--- Exercise data Enclosed Below ---

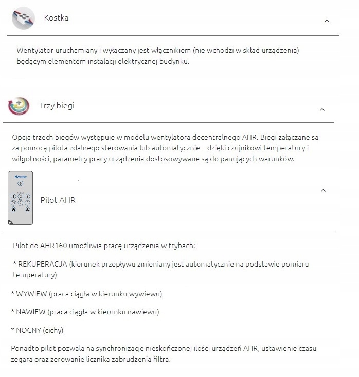 awenta ahre160 wifi decentral вентилятор. Завдяки використанню керамічного накопичувального обмінника, AHR зупиняється і накопичує теплову енергію, а потім нагріває більш кулер подачі повітря ззовні. Різниця між серією AHR та HRV полягає в рішеннях, що використовуються для автоматизації його роботи. Електроніка використовувалась, керує роботою пристрою та адаптує його параметри залежно від умов у приміщенні, в якій AHR був встановлений
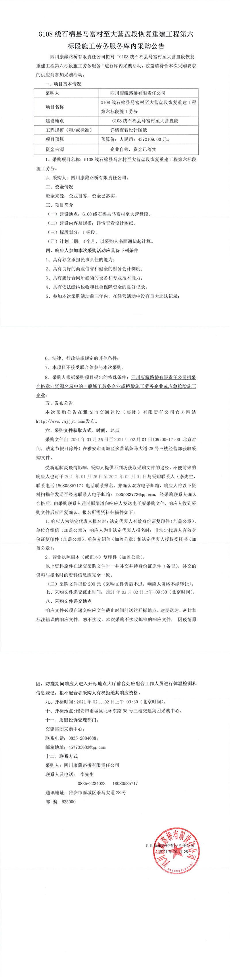 四川康藏路橋有限公司G108線石棉縣馬富村至大營盤段恢復(fù)重建工程第六標(biāo)段施工勞務(wù)服務(wù)庫內(nèi)采購公告
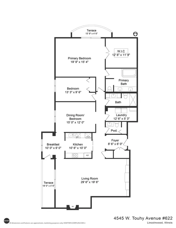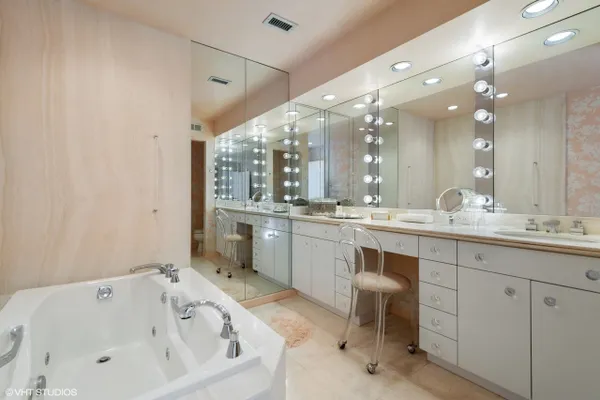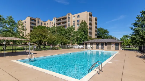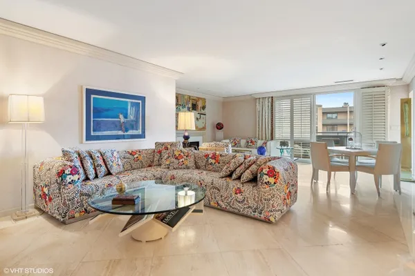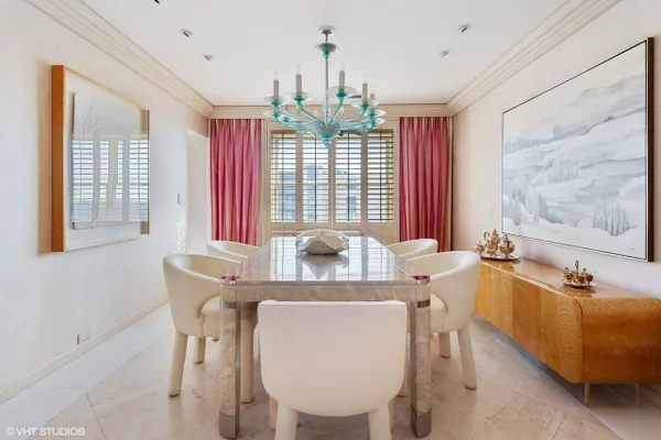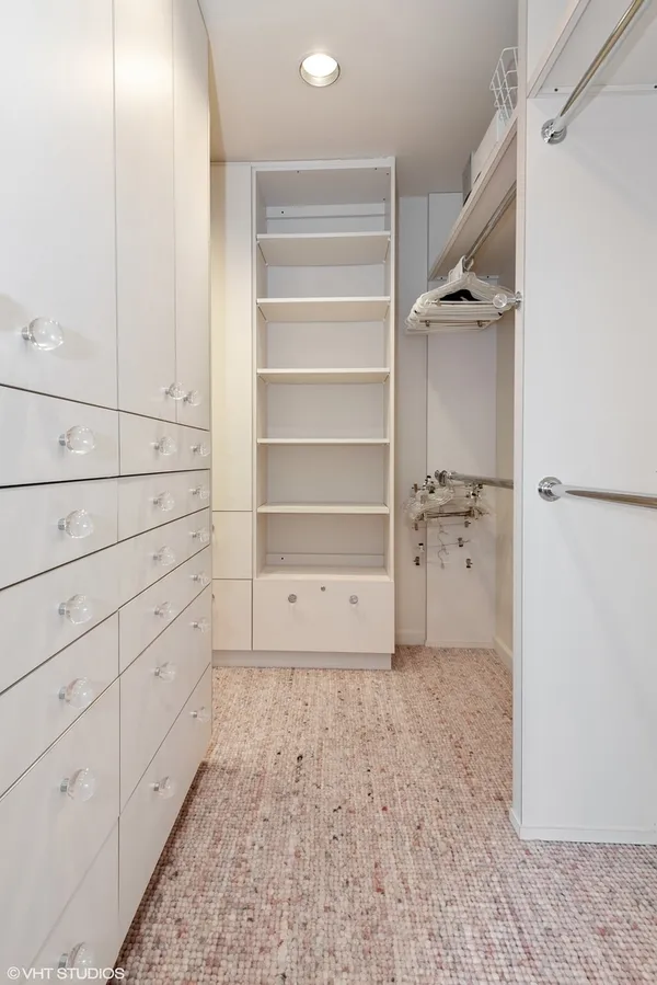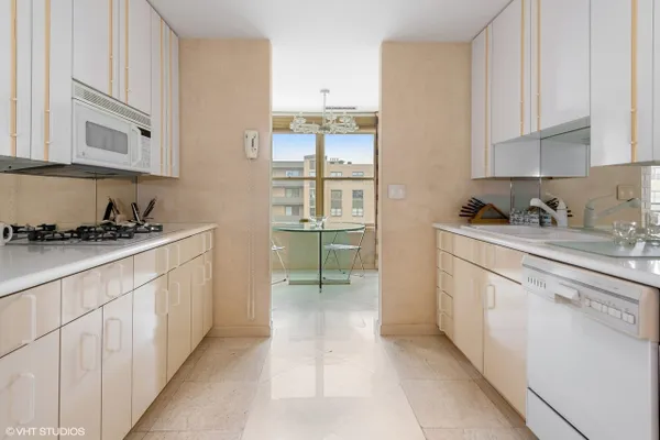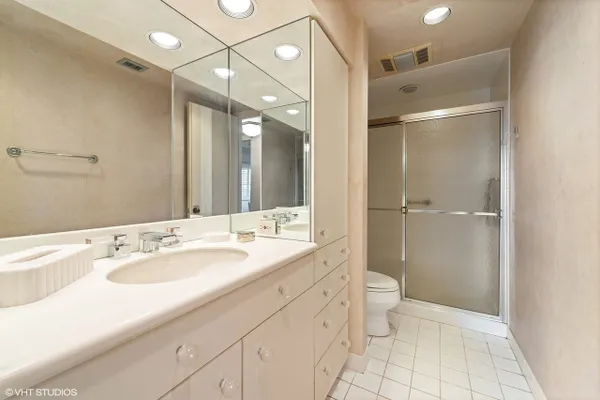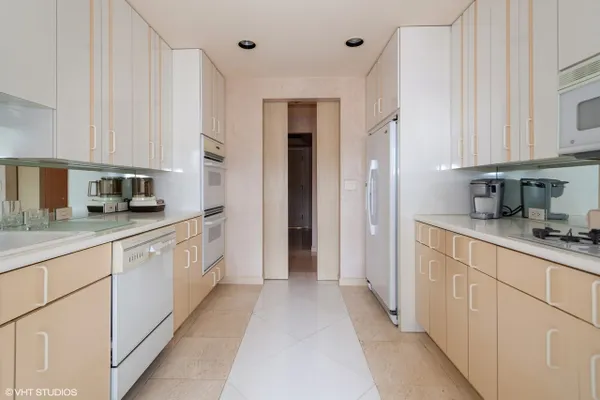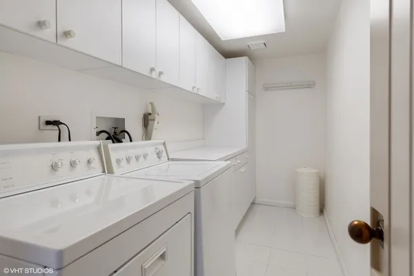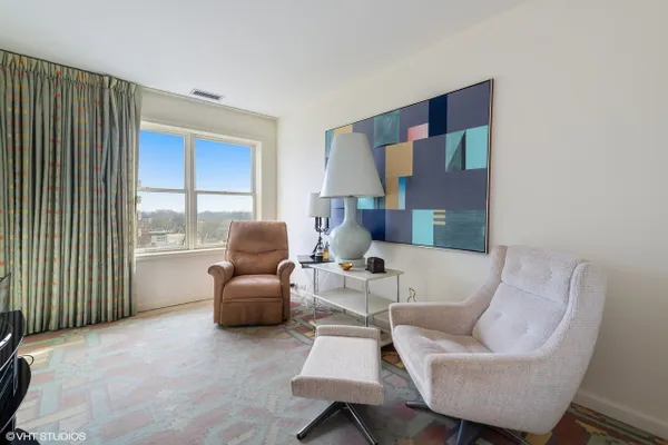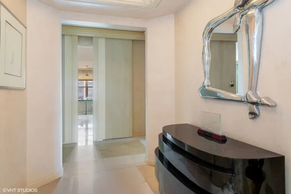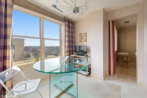 Welcome to Barclay Place! This rarely available SE corner unit in the West Tower is a tranquil 3 bedroom, 2.1 bath unit created from raw space by famed designer Richard Himmel; built-ins, moldings and additional millwork by Parenti; and textured custom paint by Hester. When you enter the foyer appointed with cove lighting you are greeted with over 2200sq. feet of gracious interior space. Living Room/Great room currently features two seating areas and a card table for entertaining and the built-in entertainment center has abundant storage and open shelving, vented fireplace and Beautiful travertine and white marble floors. The sliding glass door opens to one of the two balconies with beautiful downtown views. The third bedroom is currently used as a formal dining room (it is easily converted back into a bedroom). The main living space provides ample room for a dining area. Kitchen sits adjacent to a nice breakfast area, offers gas cooking and has custom sliding panels to close kitchen from main area while entertaining. The very large Primary bedroom suite has an oversized walk-in closet with tons of built-in drawers, hanging space and storage. The en-suite bath provides a jet tub, large, separate water closet plus shower fixtures can be added. Enjoy morning coffee on the bedroom southern balcony with wonderful natural light, downtown, courtyard and pool views. Additional bedroom with full bath directly across the hall, powder room and laundry room, with side by side washer/dryer and storage, complete this wonderful layout. Conveniently located by the elevators, two prime adjacent parking spaces (#282 and #283) are included. The complex, on 7 acres of land, offers many building amenities which include a 24-hour doorman, 2 exercise rooms, library, hospitality room, conference room, game room, and bicycle room. Outdoor activities available with a heated outdoor swimming pool, hot tub, patio, and tennis court. A large parking lot ensures free parking for guests. An active Social Committee arranges numerous events throughout the year, available to all residents interested in participating. These include performances, guest speakers, lectures, and classes as well as breakfast and dinner events. The Valley Line Trail passes just west of the property and provides a 4.5 mile multiuse path for cyclists and pedestrians that runs from the Sauganash neighborhood on Chicago's Northwest side to Skokie, with additional connections to the Forest Preserve Trail. Pets 35 lbs welcome. This property is an estate sale and being sold as-is.

--- End of Enclosed Exercise data ---

Return the whole listing word for word, minus its pictures.

 awenta ahre160 wifi decentral вентилятор. Завдяки використанню керамічного накопичувального обмінника, AHR зупиняється і накопичує теплову енергію, а потім нагріває більш кулер подачі повітря ззовні. Різниця між серією AHR та HRV полягає в рішеннях, що використовуються для автоматизації його роботи. Електроніка використовувалась, керує роботою пристрою та адаптує його параметри залежно від умов у приміщенні, в якій AHR був встановлений
 四川康藏路橋有限公司G108線石棉縣馬富村至大營盤段恢復(fù)重建工程第六標(biāo)段施工勞務(wù)服務(wù)庫內(nèi)采購公告
 Welcome to Barclay Place! This rarely available SE corner unit in the West Tower is a tranquil 3 bedroom, 2.1 bath unit created from raw space by famed designer Richard Himmel; built-ins, moldings and additional millwork by Parenti; and textured custom paint by Hester. When you enter the foyer appointed with cove lighting you are greeted with over 2200sq. feet of gracious interior space. Living Room/Great room currently features two seating areas and a card table for entertaining and the built-in entertainment center has abundant storage and open shelving, vented fireplace and Beautiful travertine and white marble floors. The sliding glass door opens to one of the two balconies with beautiful downtown views. The third bedroom is currently used as a formal dining room (it is easily converted back into a bedroom). The main living space provides ample room for a dining area. Kitchen sits adjacent to a nice breakfast area, offers gas cooking and has custom sliding panels to close kitchen from main area while entertaining. The very large Primary bedroom suite has an oversized walk-in closet with tons of built-in drawers, hanging space and storage. The en-suite bath provides a jet tub, large, separate water closet plus shower fixtures can be added. Enjoy morning coffee on the bedroom southern balcony with wonderful natural light, downtown, courtyard and pool views. Additional bedroom with full bath directly across the hall, powder room and laundry room, with side by side washer/dryer and storage, complete this wonderful layout. Conveniently located by the elevators, two prime adjacent parking spaces (#282 and #283) are included. The complex, on 7 acres of land, offers many building amenities which include a 24-hour doorman, 2 exercise rooms, library, hospitality room, conference room, game room, and bicycle room. Outdoor activities available with a heated outdoor swimming pool, hot tub, patio, and tennis court. A large parking lot ensures free parking for guests. An active Social Committee arranges numerous events throughout the year, available to all residents interested in participating. These include performances, guest speakers, lectures, and classes as well as breakfast and dinner events. The Valley Line Trail passes just west of the property and provides a 4.5 mile multiuse path for cyclists and pedestrians that runs from the Sauganash neighborhood on Chicago's Northwest side to Skokie, with additional connections to the Forest Preserve Trail. Pets 35 lbs welcome. This property is an estate sale and being sold as-is.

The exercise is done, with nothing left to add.